=== Your assignment ===
Leaving pictures aside, restate exactly the lines of the data below, from the first one through the line that contains "Sensory Liquid Floor".

Records from a collection

________________________________________

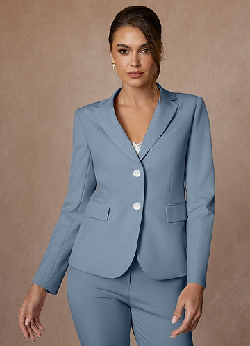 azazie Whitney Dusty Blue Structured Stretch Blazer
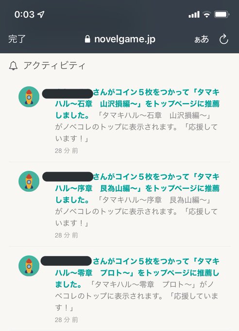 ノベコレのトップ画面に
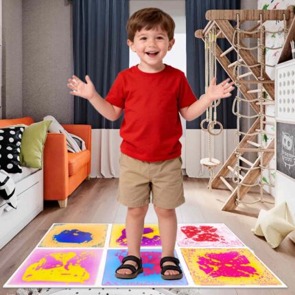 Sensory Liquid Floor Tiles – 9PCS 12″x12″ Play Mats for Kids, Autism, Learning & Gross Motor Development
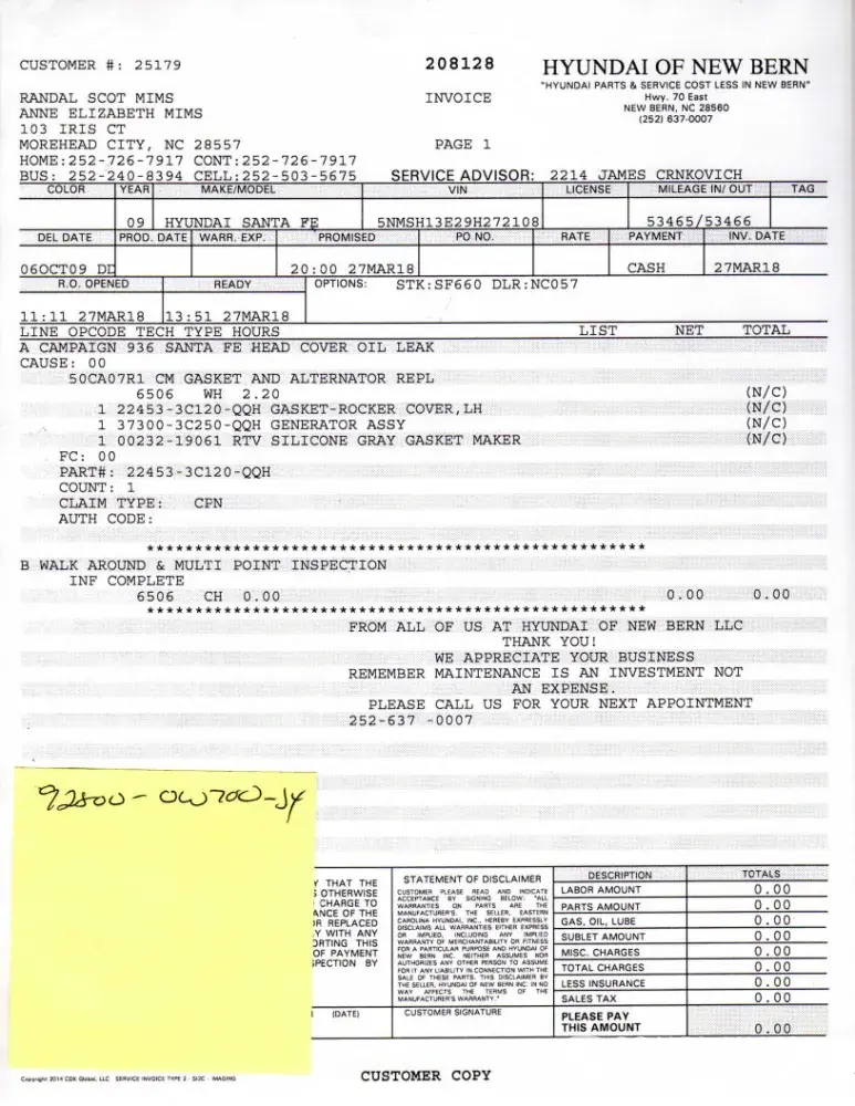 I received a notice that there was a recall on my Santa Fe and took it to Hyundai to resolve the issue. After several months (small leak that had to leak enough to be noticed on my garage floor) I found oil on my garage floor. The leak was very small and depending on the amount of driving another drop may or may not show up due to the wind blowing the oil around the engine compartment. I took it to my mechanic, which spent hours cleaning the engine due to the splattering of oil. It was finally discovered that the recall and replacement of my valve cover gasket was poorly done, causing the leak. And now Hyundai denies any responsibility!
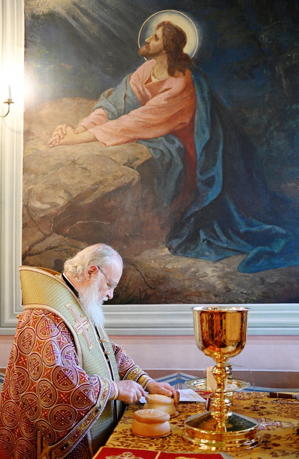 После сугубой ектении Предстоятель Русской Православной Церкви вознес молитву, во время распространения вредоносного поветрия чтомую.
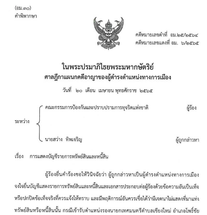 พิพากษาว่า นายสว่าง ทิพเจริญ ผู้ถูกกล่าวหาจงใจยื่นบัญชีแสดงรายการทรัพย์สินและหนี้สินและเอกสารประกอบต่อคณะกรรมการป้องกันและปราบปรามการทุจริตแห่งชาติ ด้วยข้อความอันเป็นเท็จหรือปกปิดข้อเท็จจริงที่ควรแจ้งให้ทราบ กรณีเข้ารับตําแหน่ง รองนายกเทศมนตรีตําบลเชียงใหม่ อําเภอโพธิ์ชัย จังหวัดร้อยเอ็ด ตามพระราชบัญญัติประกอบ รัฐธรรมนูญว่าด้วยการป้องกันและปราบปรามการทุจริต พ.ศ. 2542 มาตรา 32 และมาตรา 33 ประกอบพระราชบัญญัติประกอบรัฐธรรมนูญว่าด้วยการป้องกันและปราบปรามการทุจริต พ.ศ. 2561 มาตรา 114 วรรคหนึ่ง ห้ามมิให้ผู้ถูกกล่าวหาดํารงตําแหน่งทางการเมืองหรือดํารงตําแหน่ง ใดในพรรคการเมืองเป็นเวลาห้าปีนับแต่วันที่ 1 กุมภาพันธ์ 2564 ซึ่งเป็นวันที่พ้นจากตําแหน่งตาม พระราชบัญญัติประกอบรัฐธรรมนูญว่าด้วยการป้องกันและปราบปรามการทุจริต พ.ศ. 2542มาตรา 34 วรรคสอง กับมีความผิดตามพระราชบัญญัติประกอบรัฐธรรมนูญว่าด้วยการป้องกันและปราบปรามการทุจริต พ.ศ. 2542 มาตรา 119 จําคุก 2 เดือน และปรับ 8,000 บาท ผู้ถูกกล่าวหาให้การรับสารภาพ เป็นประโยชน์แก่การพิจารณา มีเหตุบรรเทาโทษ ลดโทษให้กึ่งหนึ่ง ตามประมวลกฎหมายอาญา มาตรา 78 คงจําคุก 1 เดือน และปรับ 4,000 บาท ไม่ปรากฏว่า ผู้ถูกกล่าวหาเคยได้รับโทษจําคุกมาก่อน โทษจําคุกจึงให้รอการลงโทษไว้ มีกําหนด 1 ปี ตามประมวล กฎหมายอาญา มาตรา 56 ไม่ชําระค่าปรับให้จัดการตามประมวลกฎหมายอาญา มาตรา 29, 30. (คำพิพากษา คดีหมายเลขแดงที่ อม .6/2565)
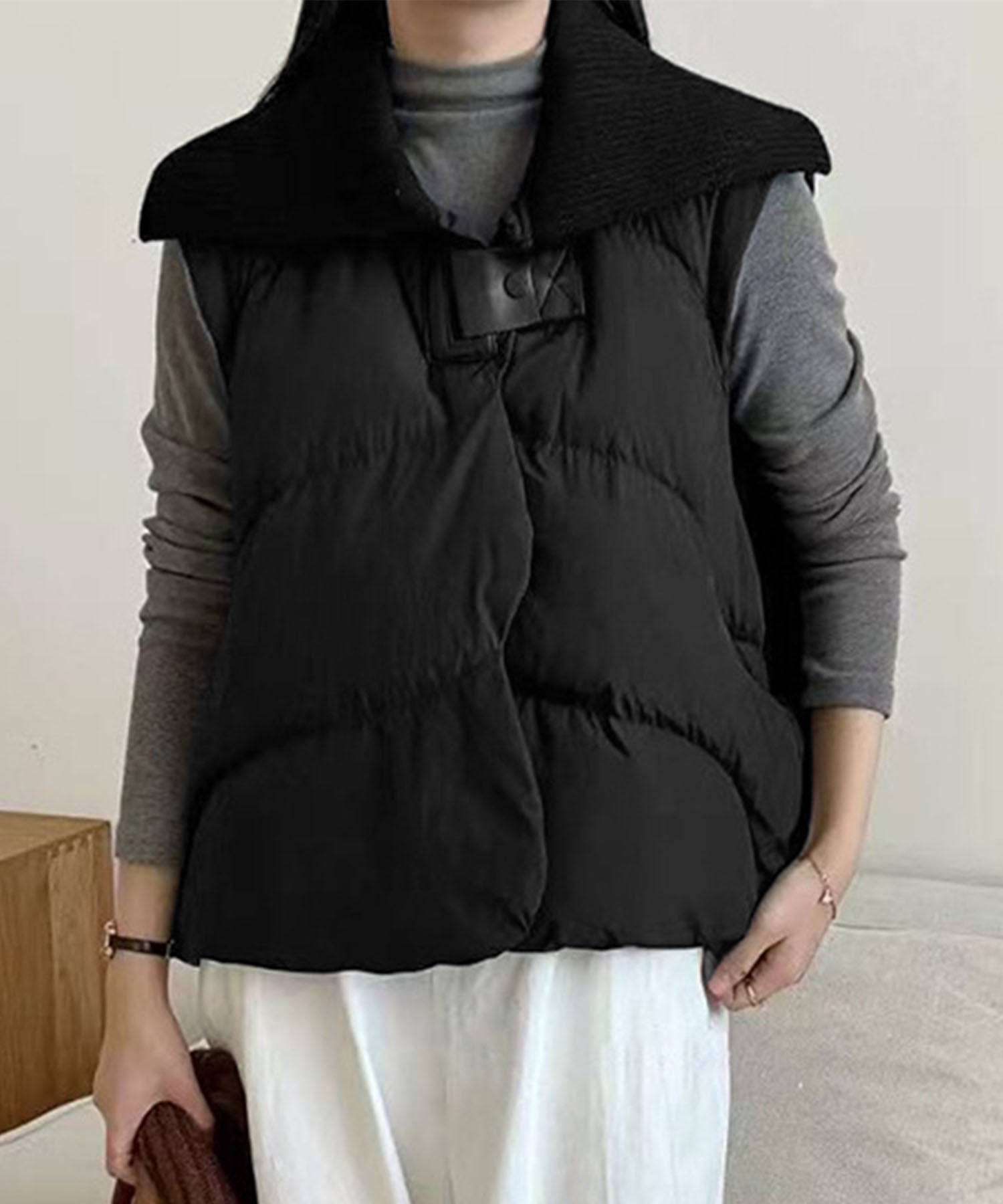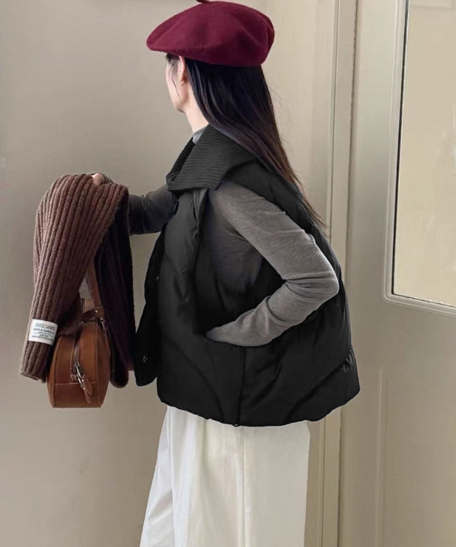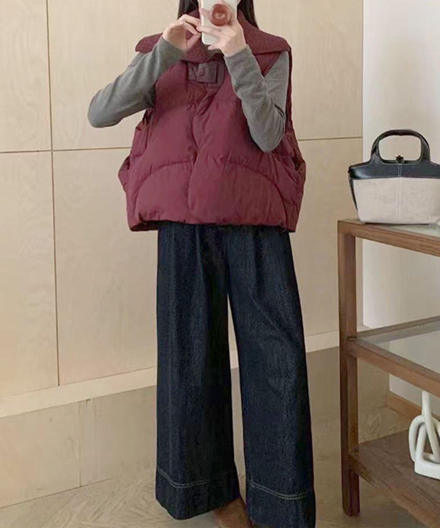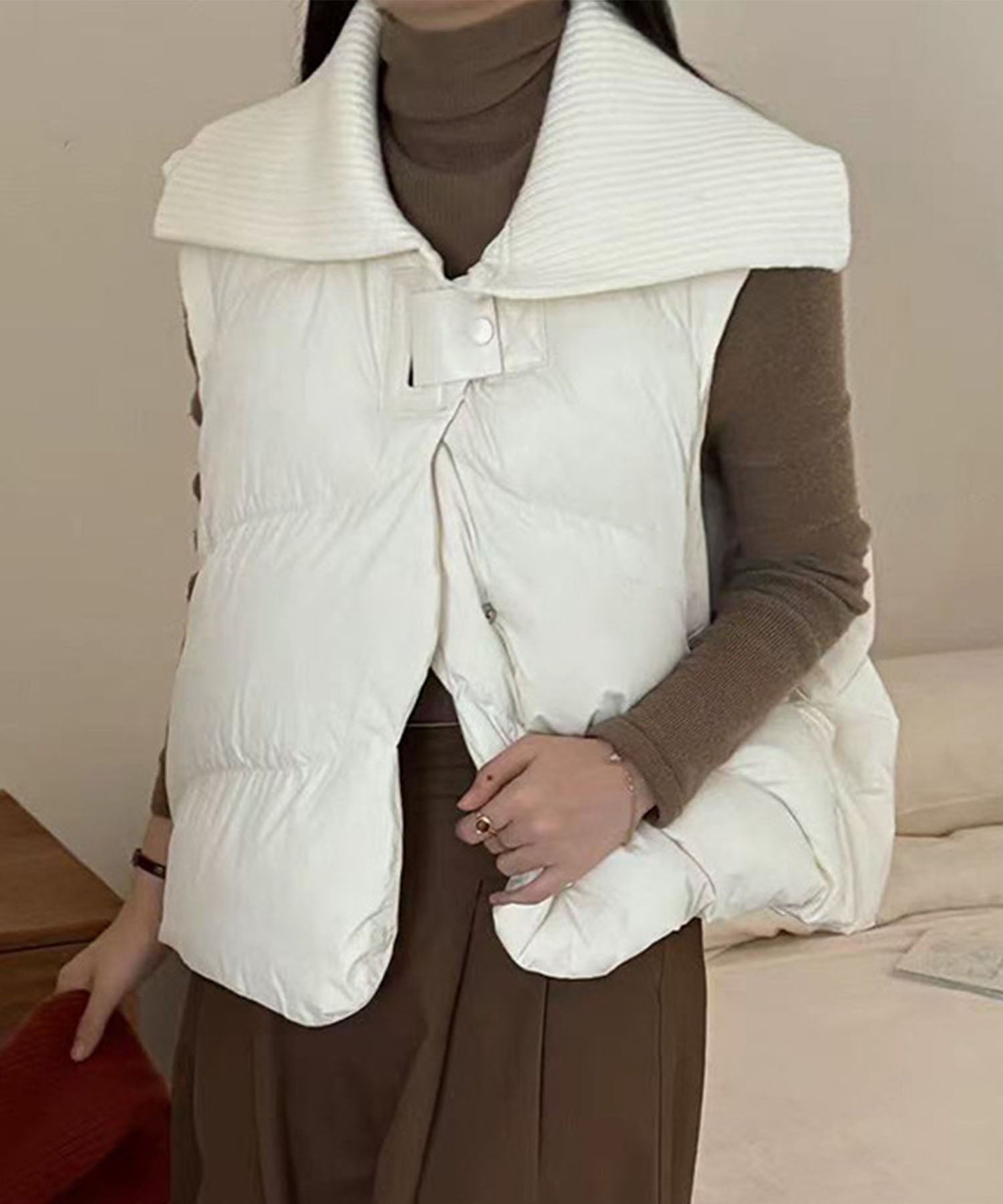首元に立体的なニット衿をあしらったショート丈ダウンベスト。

________________________________________

=== Result for this task ===
 azazie Whitney Dusty Blue Structured Stretch Blazer
 ノベコレのトップ画面に
 Sensory Liquid Floor Tiles – 9PCS 12″x12″ Play Mats for Kids, Autism, Learning & Gross Motor Development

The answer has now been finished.